Pun tidak ada provinsi lain di Sulawesi yang kehilangan tutupan pohon seluas Sulteng. Paling dekat dengan peringkat Sulteng ialah Sulawesi Tenggara; berada di posisi 14 dan kehilangan 505 ribu hektare tutupan pohon.
Adapun tiga besar provinsi yang paling banyak kehilangan tutupan pohon ialah: Riau (4 juta hektare), Kalimantan Barat (3,69 juta hektare), dan Kalimantan Timur (3,55 juta hektare).
Rangkaian statistik tersebut disajikan oleh Global Forest Watch, sebuah layanan daring yang menyediakan data dan perangkat pemantauan hutan di seluruh dunia.
Melihat detil data khusus Sulteng, Morowali menyumbang kehilangan tutupan pohon paling luas. Setidaknya 149 ribu hektare tutupan pohon lenyap dari Morowali. Selanjutnya menyusul Banggai (111 ribu hektare) dan Tojo Una-Una (106 ribu hektare).
Sebagai catatan, tutupan pohon tak selalu tentang hutan. Global Forest Watch mengklasifikasikan tutupan pohon pada tiga kategori: Natural forest (hutan), plantations (perkebunan), dan area non-hutan.
Adapun di Sulteng, saat ini, 88 persen dari tutupan pohon bersumber dari hutan. Ihwal rimba, Sulteng patut berbangga; barangkali juga sekaligus waswas dengan ancaman pengrusakannya. Pasalnya, Sulteng masih punya 5,59 juta hektare hutan--posisi sembilan nasional tentang luasan hutan.
Global Forest Watch juga memberikan disklaimer (penafian) tentang kemungkinan perbedaan data dengan otoritas Indonesia.
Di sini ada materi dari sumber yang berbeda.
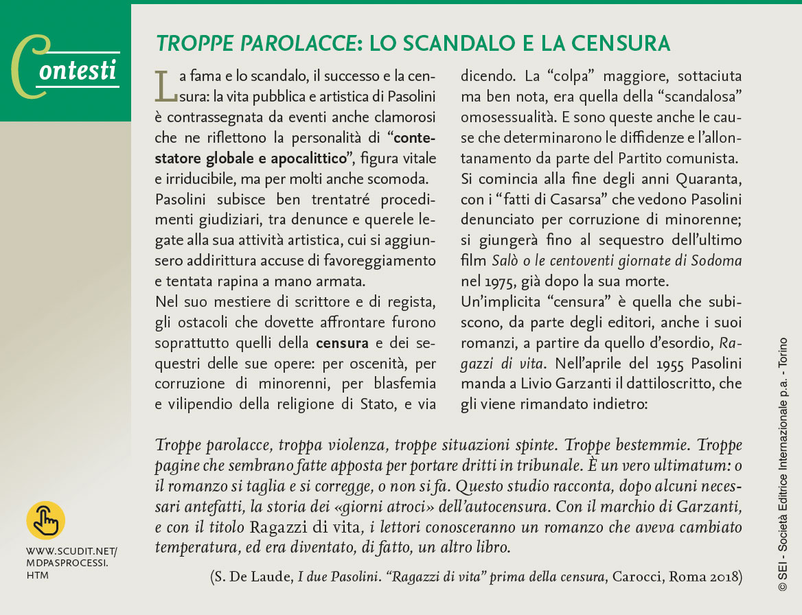 Il romanzo dello scandalo Ragazzi di vita è il primo romanzo del periodo romano pubblicato nel 1955. È ambientato a Roma durante l’occupazione nazista e nell’immediato dopoguerra: protagonisti sono i ragazzi del sottoproletariato della periferia romana, che si guadagnano la vita con espedienti vari, anche illegali, in condizioni di miseria materiale, ma che, nonostante le difficoltà e il degrado sociale, manifestano un’inesauribile energia vitale.
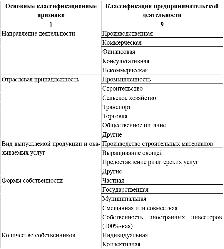 Все разнообразие предпринимательской деятельности можно классифицировать по основным признакам:

Ringkasnya, layanan itu mengakui ada perbedaan klasifikasi hutan primer dan sekunder dengan otoritas Indonesia.
Memahami tutupan pohon
Empat peneliti dari World Resources Institute (WRI), organisasi nonpemerintah yang berfokus pada isu lingkungan, menjelaskan bahwa kehilangan tutupan pohon punya karakter berbeda-beda.
Ada kalanya kehilangan tutupan pohon tak berkaitan dengan deforestasi (atau penggundulan hutan). Misalnya, aktivitas perladangan berpindah yang menghilangkan tutupan pohon, tetapi sifatnya sementara dan bisa tumbuh kembali secara alami. Hal itu membuatnya tak perlu terlampau dirisaukan pengambil kebijakan.
Di sisi lain, kehilangan tutupan pohon bisa merisaukan bila diakibatkan oleh aktivitas skala besar dan bersifat permanen, misalnya: pertambangan, produksi migas, perkebunan monokultur, dan permukiman.
Problemnya: pertambangan, migas, dan perkebunan monokultur (macam sawit) hampir selalu bersinonim dengan cuan. Capaian ekonomi Morowali merupakan contoh dari pengembangan sektor tambang.
Meski begitu kebaikan ekonomi jangka pendek tak boleh pula mengabaikan lingkungan--yang sifatnya jangka panjang. Sebagaimana yang sering diungkap oleh para ilmuwan, krisis iklim akan mengakibatkan lebih banyak bencana dan mengancam umat manusia.
The Guardian menulis bahwa menanam miliaran pohon di seluruh dunia adalah cara paling murah untuk mengatasi krisis iklim dan pemanasan global. “Saat pohon tumbuh, ia menyerap dan menyimpan emisi karbon dioksida yang mendorong pemanasan global,” demikian penjelasan ringkas ihwal manfaat pohon sebagai bagian dari mitigasi krisis iklim dan pemanasan global.
Selain itu, bagi area perkotaan, pohon bisa menjamin kualitas udara yang lebih baik, memperbaiki kualitas kesehatan warga, dan meningkatkan nilai ekonomi properti.